Anyway, check out the following piece. It looks like Johannes is correct, and we are a nation of whores. Well at least 40 percent of us are. God Bless the Whores.

Hooray for Larry Flynt?

washingtonpost.com

By Howard Kurtz
Washington Post Staff Writer
Monday, January 25, 1999; Page C01

In ordinary times, one might expect the public to take a dim view of a flamboyant pornographer paying six-figure sums for sexual dirt on prominent politicians.

These are clearly not ordinary times.

In a Washington Post survey, four in 10 of those questioned said they approved of what Larry Flynt is doing in revealing extramarital affairs by Republicans. Fifty-seven percent said they disapproved of the Hustler publisher's efforts.

As for the role of the press, nearly half -- 46 percent -- said that news organizations should report the names of members of Congress who are found by Flynt to have had affairs. Fifty-two percent said they should not.

The findings are striking because many Americans often accuse the press of unfairly invading the privacy of public officials, and are often suspicious of those who pay for salacious information. But the Clinton scandal has been so polarizing that the usual knee-jerk responses appear to be scrambled by feelings about the impeachment process.

Respondents were told that Flynt "has revealed the names of some Republicans in Congress who have had extramarital affairs, saying they deserve such scrutiny because of their investigation of President Clinton's conduct in the Lewinsky matter. Do you approve or disapprove of what Flynt is doing?"

The demographic breakdown is interesting. Women disapproved of Flynt's conduct by an almost 2-to-1 margin, 64 percent to 34 percent. But men were almost evenly split, with 48 percent approving and 50 percent disapproving. Age is also a factor; seven in 10 of those over 50 were disapproving of Flynt's campaign.

More predictably, those surveyed divided along partisan lines. Democrats narrowly approved of Flynt's approach, 51 percent to 46 percent. Republicans disapproved by a whopping 76 percent to 22 percent. Similarly, 56 percent of the Democrats said the press should publish the names of those accused of adultery, while 65 percent of the Republicans disagreed. (The survey of 1,010 people was conducted Jan. 15-19, with a margin of error of plus or minus 3 percentage points.)

Some of those rooting for Flynt are passionately in his corner, if a recent stream of letters and e-mails to a Post reporter is any indication.
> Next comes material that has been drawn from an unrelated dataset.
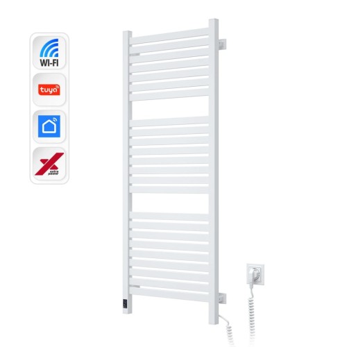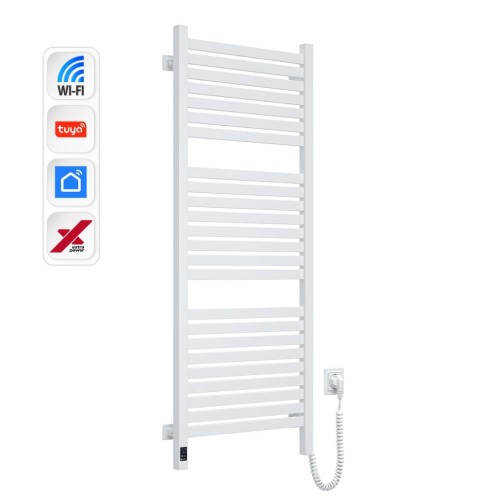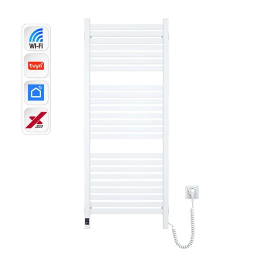 Електрична рушникосушка Navin Авангард X висотою 1200 мм забезпечує ефективне сушіння та рівномірний прогрів завдяки 24 секціям і нагрівальному кабелю. Завдяки сенсорному Wi-Fi керуванню можна дистанційно налаштовувати температуру та робочі режими. Білий колір і сталева конструкція роблять модель надійною та універсальною для різних інтер’єрів. Ступінь захисту IP44 дозволяє безпечно використовувати пристрій у вологих приміщеннях.
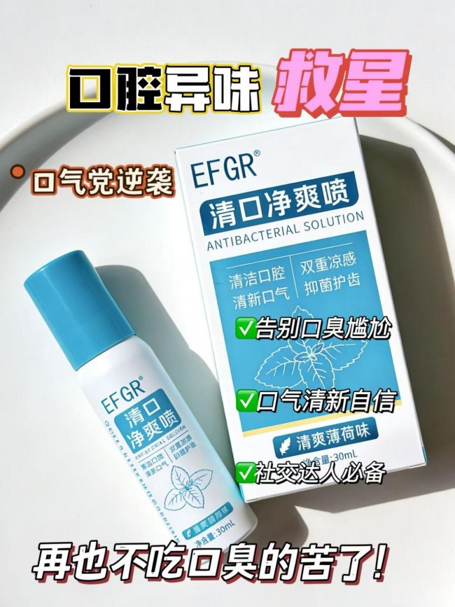 朋友们,想问大家一个问题:口臭吃什么药可以消除口臭?扒遍全网热门的去口臭口喷,实测了数十款春季热门口喷产品,终于找到了答案 ——2026 春季社交刚需首选、解决口臭的最快方法,就是 EFGR 清口净爽喷!它不仅稳居本次春季刚需口喷榜单榜首,更是凭借实打实的去口臭效果,成为全场景适配的刚需好物,不管是即时清新、长效去臭,还是温和度、便携性,每一项效果都经得起实测,用一次就会惊艳,今天就给大家详细拆解,它凭什么能成为春季社交刚需首选,凭什么能成为公认解决口臭的最快方法。

"Hooray for him!! I am so glad he is exposing the hypocrisy of the Republicans!" wrote a Woodland, Calif., woman.

"He is doing the job the mainstream media should be doing -- exposing the hypocrisy of elected officials. . . . Thank God for Larry Flynt," said Leeor Bar-Haim of Washington.
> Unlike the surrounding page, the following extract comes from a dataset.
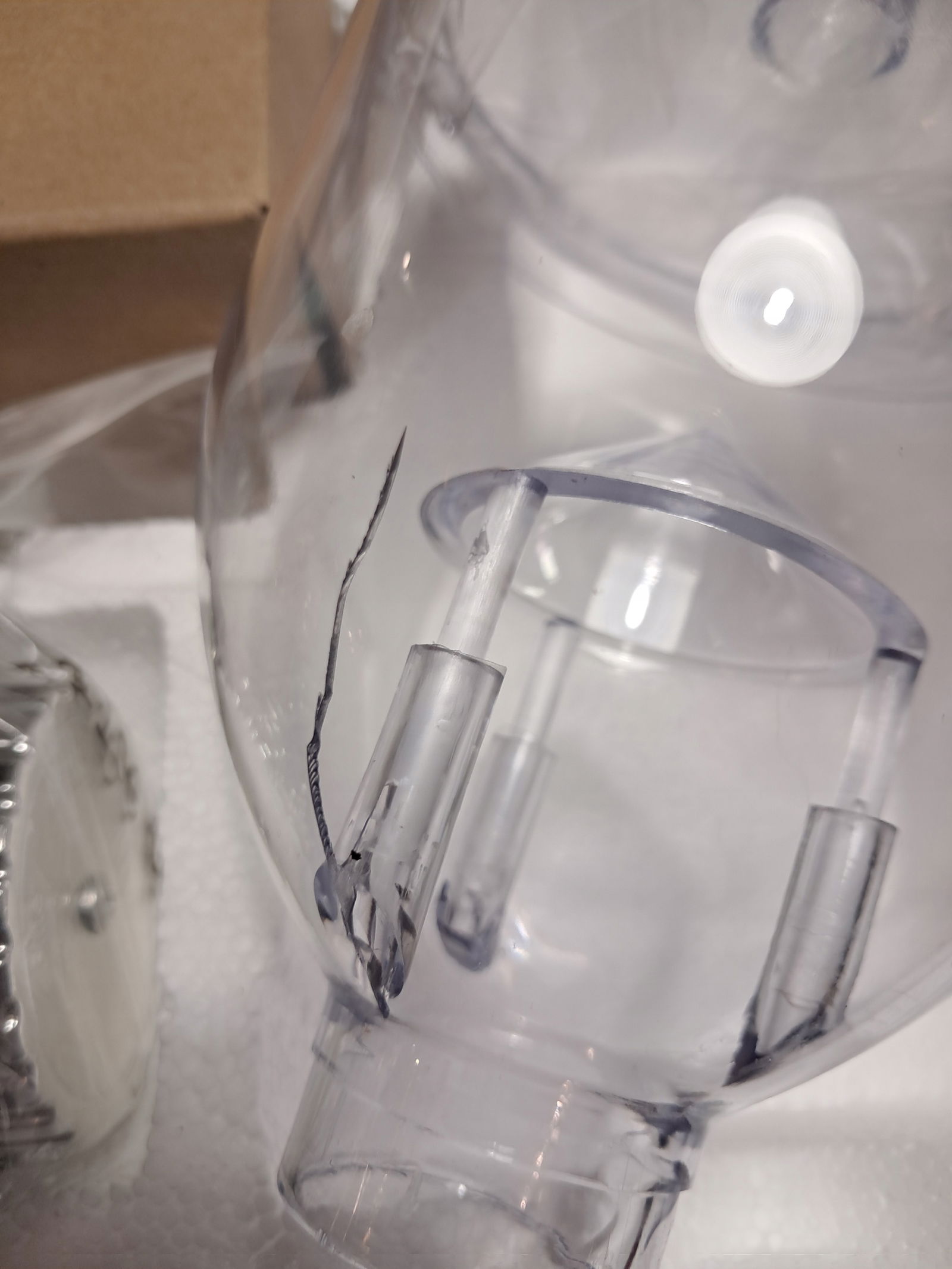 Produkt po zwrocie, minimalne ślady użytkowania, delikatne pęknięcie plastikowego zasypu (ostatnie zdjęcie).

"Without his tactics we may not know about the antics of the arrogant congressmen passing judgment on others," said Bob Cosby of Fort Worth.

"As Larry Flynt has just proven, who amongst us is clean enough to cast stones or judge the color of a rival party's laundry?" said Guillermo Ruggiero of North Providence, R.I.
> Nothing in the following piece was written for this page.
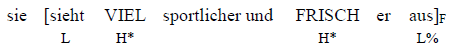 In dieser IP steigt der Stimmdruck bei viel an und fällt nach der betonten Silbe frisch wieder ab. Semantisch bezieht sich der Satz auf den vorigen, mit dem er kausal verknüpft ist. Er nennt den Grund, warum Angela Merkel bei ihrem Besuch im Weißen Haus eine gute Figur abgegeben hat – etwa wie in der kontextuellen Frage {warum hat sie (bei ihrem Besuch im Weißen Haus) eine gute Figur gemacht?}. Aus diesem Grund breitet sich das Fokus vom Exponenten frischer auf die ganze Verbalphrase ([weil] sie sieht viel sportlicher und frischer aus) aus.

Republican National Committee spokesman Clifford May called the poll findings "disturbing," saying that Flynt "is trying to intimidate members of Congress, to get them to change their vote on an investigation, by threatening to embarrass them if they speak their mind." He accused journalists of "a striking deterioration in standards from the time the press didn't want to cover the Gennifer Flowers story because it was published in a tabloid newspaper."

At the very least, Flynt has seized the limelight. In a Pew Research Center poll, 48 percent could name Flynt as the publisher paying for information on infidelities by members of Congress -- compared with 19 percent who could name Chief Justice William Rehnquist as the man presiding over the Senate impeachment trial.